= List of former Shia clerics =

This is a list of prominent former Shi'a clerics, jurists, and scholars who have formally transitioned to Sunni Islam or adopted non-denominational Islamic frameworks.

While there is a common assumption that high-ranking Shi'a seminary scholars rarely depart from established religious doctrine, historically and in the modern era, a notable number of classically trained Shi'a religious figures including Grand Ayatollahs, Ayatollah, Mujtahids, and seminary intellectuals have migrated away from orthodox Twelver or Zaydi theology.

The individuals are categorized below by their scholarly rank and seminary qualifications.

== Grand Ayatollahs and High Mujtahids ==
- Grand Ayatollah Hussein al-Mu'ayyad: A prominent Iraqi cleric who achieved the highest level of unrestricted ijtihad before denouncing Shiism and converting entirely to Sunni Islam (Ahl al-Sunnah wal-Jama'ah).
- Grand Ayatollah Mohammad Sadeqi Tehrani: An Iranian scholar possessing both traditional seminary ijtihad and modern doctoral degrees, who shifted to a strictly non-denominational, Quran-only methodology, closely aligned with Sunni methodology.
- Grand Ayatollah Mohammad Javad Gharavi: An eminent Iranian cleric who rejected traditional seminary teachings in favor of a rationalist, Quran-first methodology, distancing himself from sectarianism.

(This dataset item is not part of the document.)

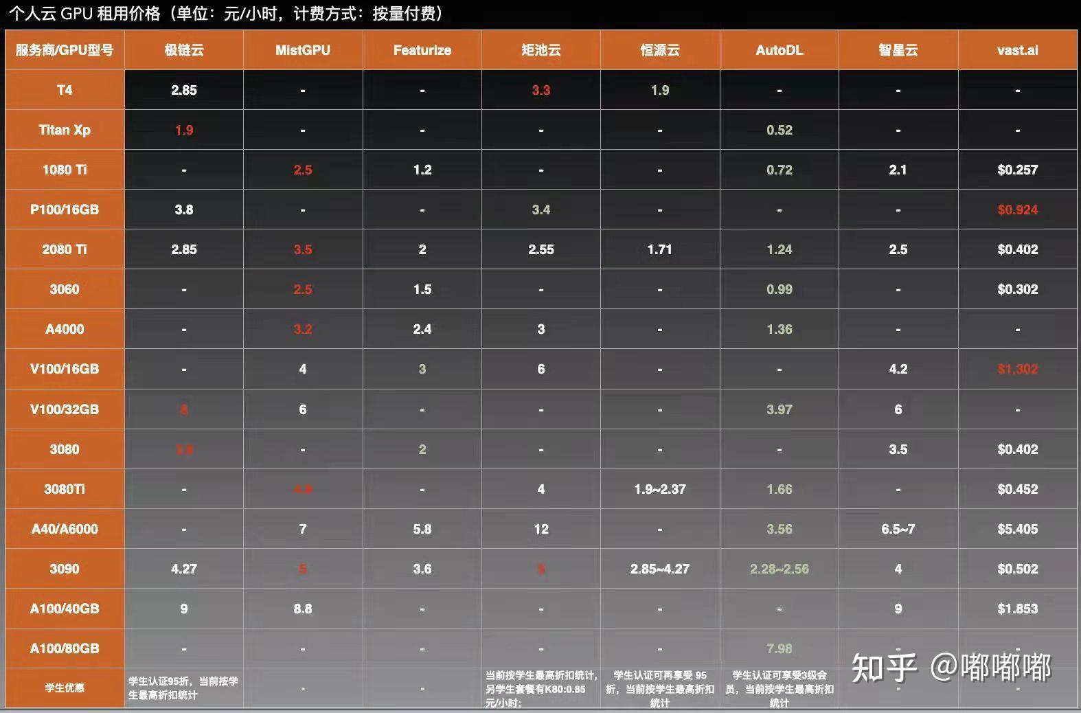 然后贴一下各种云平台针对学生租用gpu的价格对比

== Ayatollahs and Senior Clerics ==
- Ayatollah Abolfazl Borqei: A highly credentialed Iranian cleric from the seminaries of Qom who completely abandoned Shiism for a non-denominational and Salafi/Sunni methodology.
- Ayatollah Sayyid Asadullah Kharaqani: A pioneer of the Iranian constitutional era who achieved the rank of ijtihad and migrated toward a Quran-centric, non-denominational framework.
- Classically Trained Cleric Mohammad Hasan Shariat Sanglaji: A scholar who rejected esoteric doctrines in favor of a non-denominational, Sunni-leaning rationalist framework.

== Clerics, Jurists, and Exegetes ==
- Dr. Musa al-Musawi: A cleric and grandson of a revered Grand Ayatollah who abandoned traditional practices to advocate for reconciling Shi'a history with Sunni orthodoxy.
- Former Cleric / Researcher Ahmad al-Katib: An Iraqi intellectual who embraced a Sunni and democratic-caliphate worldview.
- Sayyid Syed Nazeer Husain Dehlawi: Born into an aristocratic Shi'a family, he abandoned his faith to become the foundational cleric of the strict Sunni Ahl-i Hadith movement in South Asia.
- Eminent Jurist Al-Shawkani: A Yemeni scholar who transitioned from Zaydi Shiism to a Sunni methodology based on independent reasoning.
- Scholar Muqbil al-Wadi'i: A Yemeni scholar who left his Zaydi Shi'a background to become a highly prominent Salafi-Sunni cleric.

== Seminary-Trained Scholars and Intellectuals ==
- Scholar / Writer Haydar Ali Qalamdaran: A prolific thinker in Qom who dismantled Shi'a political theology and aligned his religious practices with classical Sunni thought.
- Quranic Exegete Yousef Sha'ar: The founder of a localized Quranic circle in Tabriz who adopted Sunni-leaning interpretations and bypassed traditional Shi'a Hadith.
- Scholar / Intellectual Mostafa Hosseini Tabatabaei: An influential Iranian thinker who advocated for a purified, non-denominational Islam that naturally aligns with Sunni orthopraxy.